Welch Delivers Remarks Marking the Second Anniversary of the Death of Journalist Shireen Abu Akleh

May 8, 2024

Statement of Sen. Peter Welch
on the 2nd Anniversary of the Killing of Shireen Abu Akleh
Remarks as Prepared
May 8th, 2024

Madam President, May 11th will mark the second anniversary of the fatal shooting of Palestinian-American and accomplished Al Jazeera journalist Shireen Abu Akleh.  She was shot in the head while reporting on an Israeli raid in the Jenine refugee camp in the West Bank.  At the time of her death, she was wearing a bullet proof vest with PRESS written in large letters on the front and back. 

While there had been earlier exchanges of gunfire between Israeli soldiers and Palestinian militants, no credible evidence has been produced that the shooter acted in legitimate self-defense. No one in Shireen’s immediate vicinity was armed, and no shots were fired from her location.  Another journalist near her was also shot, but he survived. 

Shortly after Shireen’s death, Secretary of State Antony Blinken rightly called for a credible, thorough investigation and that the individuals responsible be held accountable.  Israeli officials first denied responsibility, but when it became clear where the shots were fired from, they called Shireen’s death an unintentional, tragic mistake.  The shooter reportedly fired from an armored vehicle, 190 meters away.  

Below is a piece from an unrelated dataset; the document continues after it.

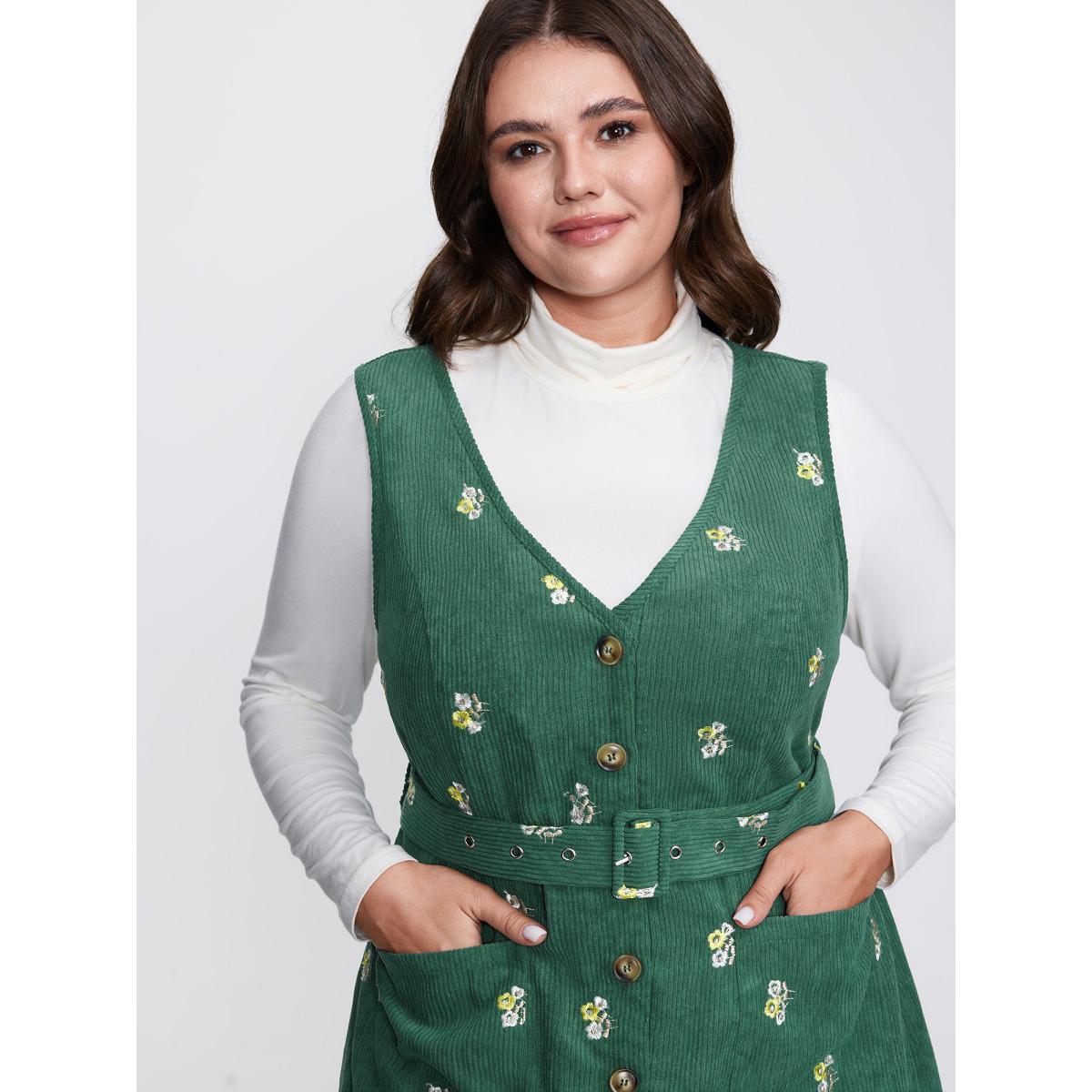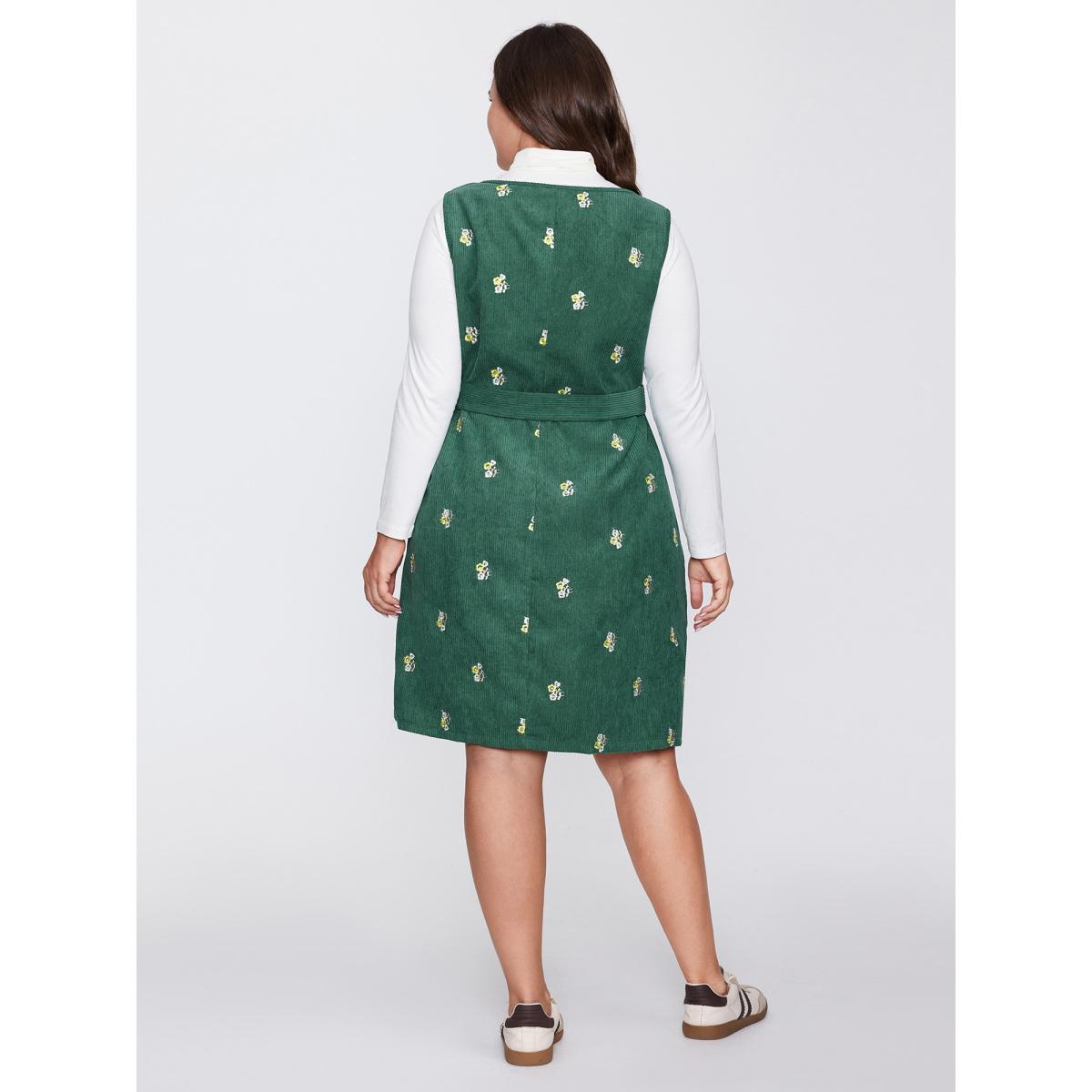 Plus Size Floral Embroidered Belted Waist Midi Dress Teal Women Playful Belted V-neck Sleeveless Curvy BloomChic 14-16/1X

The inescapable conclusion is that she was intentionally targeted.  The question is why?  My predecessor, Senator Patrick Leahy, asked detailed questions about her case, including why the Leahy Law was not applied to stop U.S. assistance to the unit responsible for Shireen’s death.  His questions were never answered.

Since then, there has been no credible investigation.  I am disappointed that Israeli authorities have failed to fully cooperate with U.S. efforts to determine what happened. 

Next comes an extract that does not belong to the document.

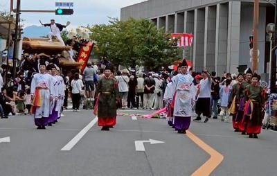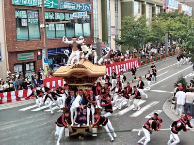 パレードが終わると、その道に8つのだんじりが登場。交差点でのやり回しを多くの人が歓声とともに見ていました。
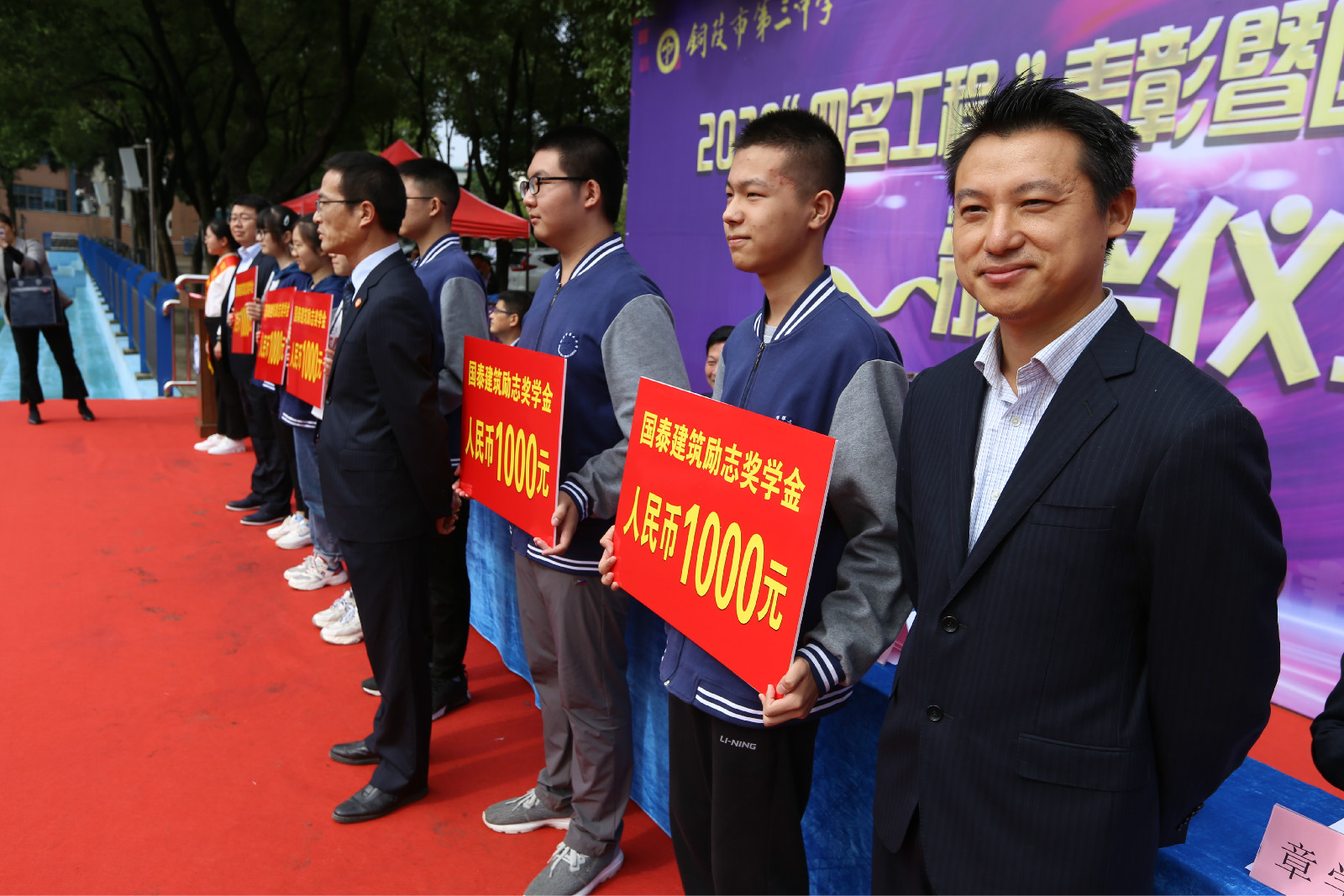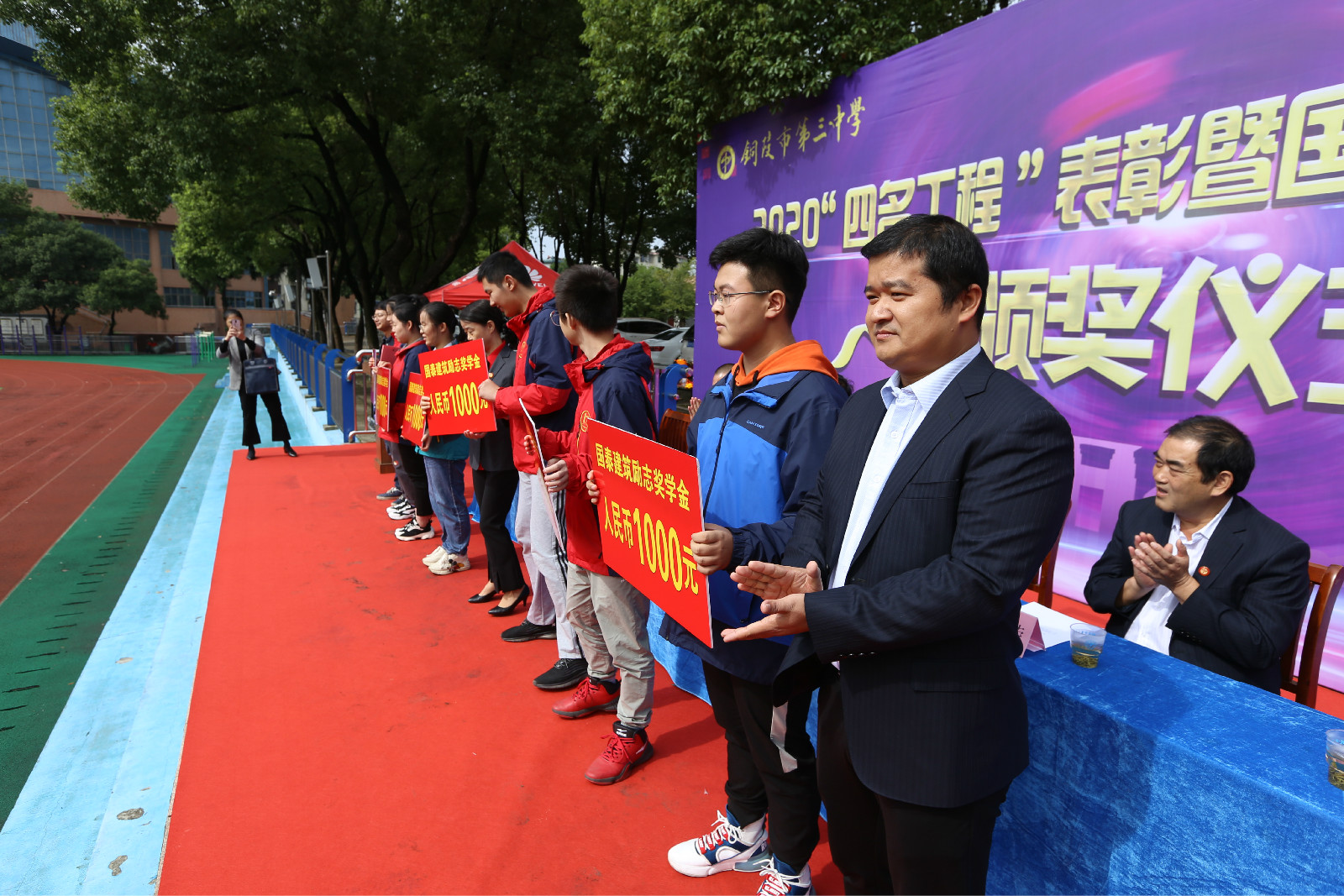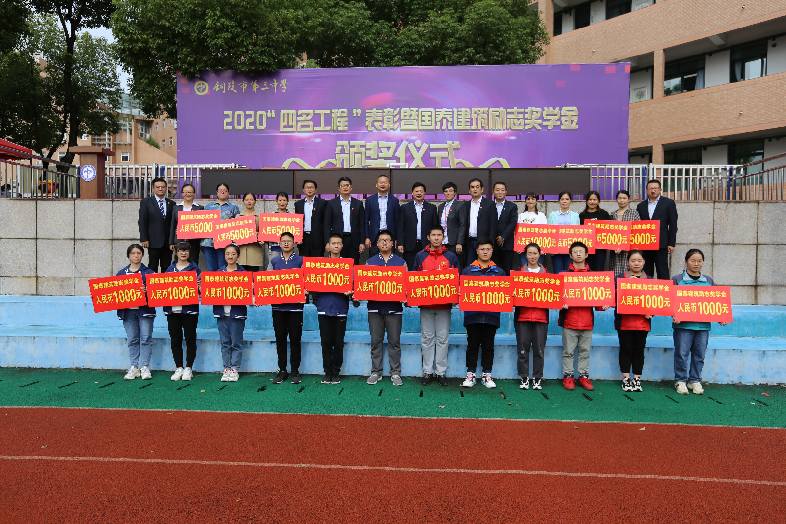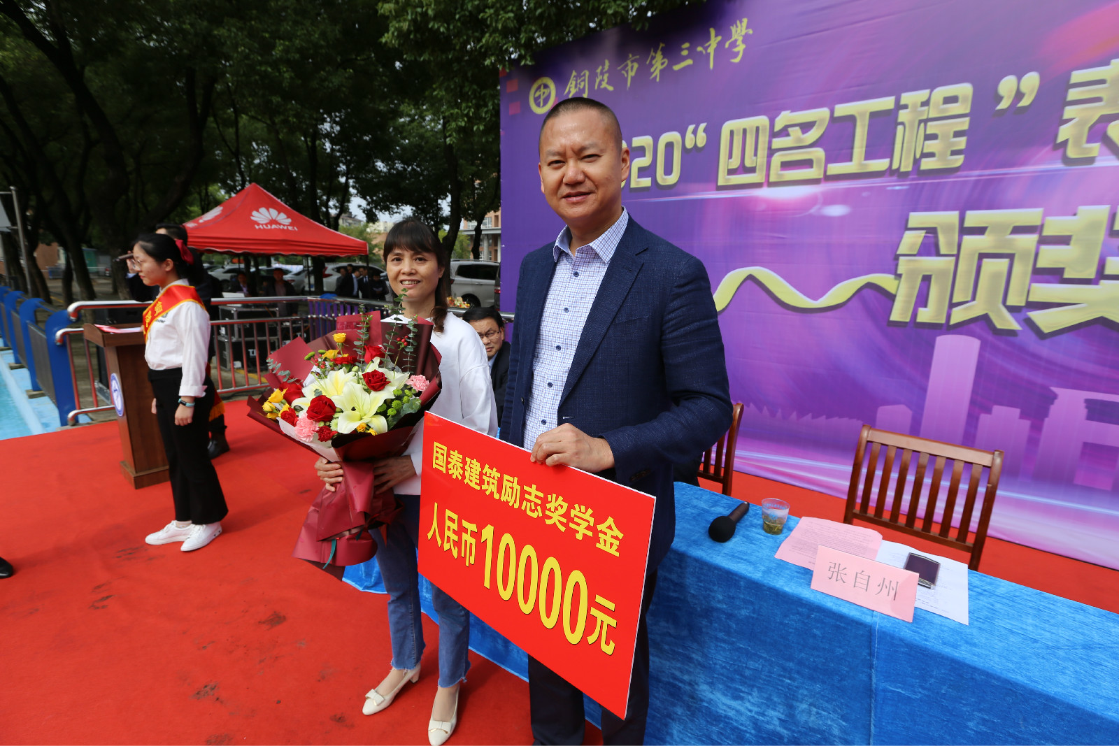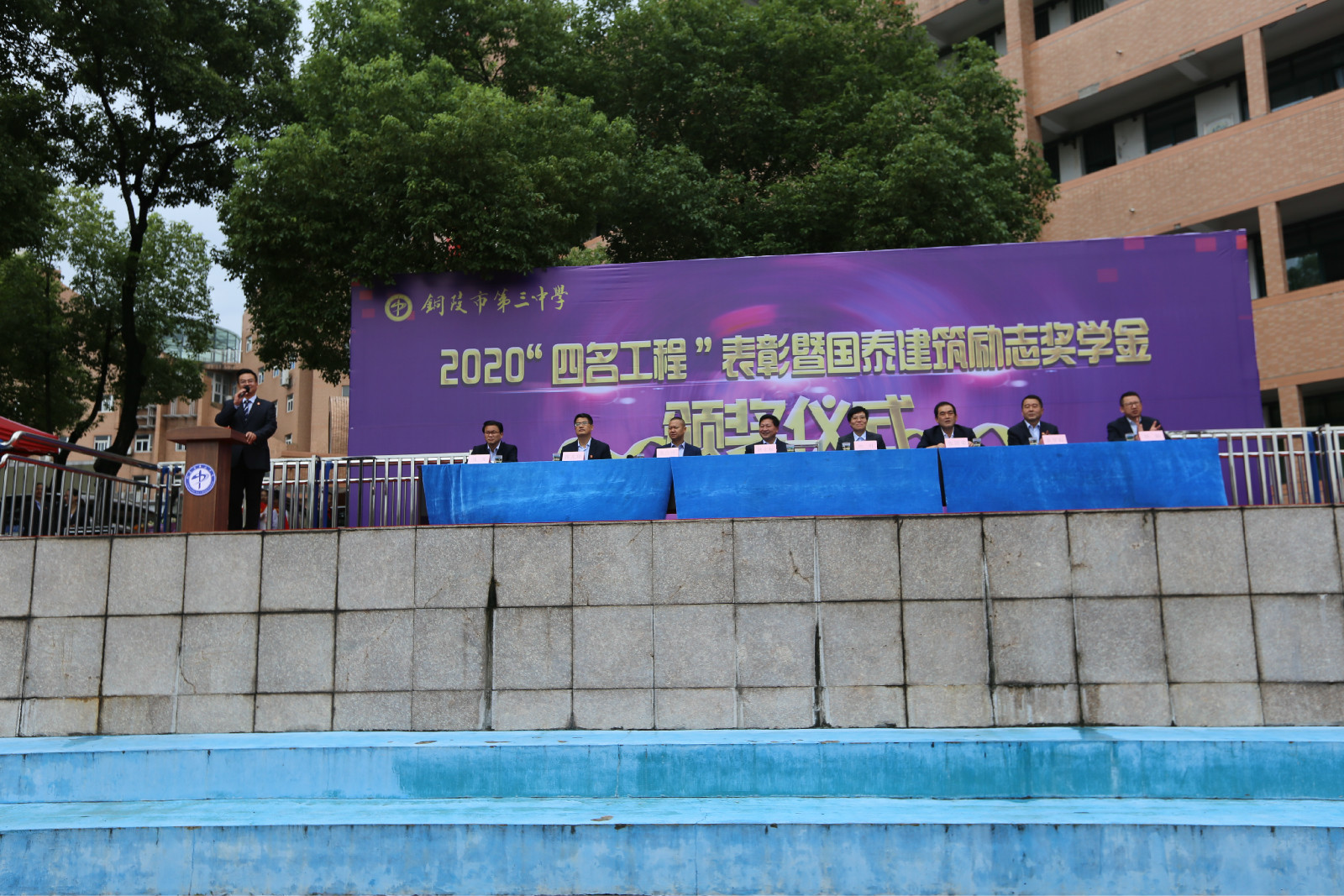 本校讯 9月23日上午,铜陵三中2020年“四名工程”表彰暨国泰建筑集团励志奖学金颁奖仪式在学校操场举行,校党委书记、校长钟士标,安徽国泰建筑集团董事长张自州先生,校党委副书记叶叶,校党委委员、副校长张国荣,校党委委员、副校长张尤俊,校党委委员、政教处主任章学标和全体师生及部分学生家长出席颁奖仪式,活动由梁波主任主持。

Nobody has been held accountable.

Shireen Abu Akleh’s case has become one of many unresolved shootings in the West Bank and Gaza.  Since Hamas’ attack on October 7th, more than 140 journalists have reportedly been killed in Gaza.  None of those cases have been investigated and no one has been punished.

We have not, and will not, forget Shireen Abu Akleh.  She was an American citizen.  More importantly, she was an innocent civilian doing her job, for which she paid with her life.  She, her family, and her colleagues in the press deserve justice. 

On May 3rd, World Press Freedom Day, Secretary Blinken said:

“In their pursuit of truth, journalists often face unprecedented danger worldwide. On World Press Freedom Day, we recognize their bravery, resilience and vital role in ensuring the free flow of accurate information. Our support for journalists and an independent media is unwavering.”

Secretary Blinken should use his influence and insist on the credible, thorough investigation of the killing of Shireen Abu Akleh that he called for two years ago, and that those responsible be brought to justice.